Configure the Text Content Locator

The Text Content Locator enables you to extract data from unstructured documents. Because extraction does not rely on the document layout, training documents must show where the expected data is located. Depending on your configuration, you can continuously add new training documents to improve your overall results for this locator.

You can configure this locator by following these steps:

  1. Open the locator properties.
  2. Add one or more subfields.

    A list of subfields appears in the Define Subfields table.

  3. Optionally, Rename one or more subfields
  4. For each subfield you add to this locator, add fields to your class.
  5. Map each class field to the subfields in your Text Content Locator.
  6. On the Text Content Locator Properties window, click the Advanced tab.
  7. Select or enter a value for Maximum number of training documents.

    For the best results, do not exceed 500 training documents. More than 500 training documents may not improve extraction but it does increase the time it takes to train your project.
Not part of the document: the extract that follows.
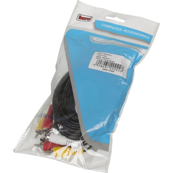 Описание BURO Кабель соединительный аудио-видео 3хRCA (m)/3хRCA (m) 5м. [BAAC027-5]

The additional training time outweighs the limited advantage of the improved extraction results.

  8. Optionally, clear the Collect online documents for training option.

    Documents collected during runtime are not included in online learning. To incorporate these documents into your project to improve extraction results, manually train your project. However, it is best to clear this option if you are close to the maximum number of training documents. This option selects random documents equaling your maximum number from the training set during training and can take around 30 minutes to train 500 documents.

  9. Click Close to close the locator properties window.
  10. Open the Documents window if it is not already open.
  11. Train and test your settings.
  12. Save the changes to your project.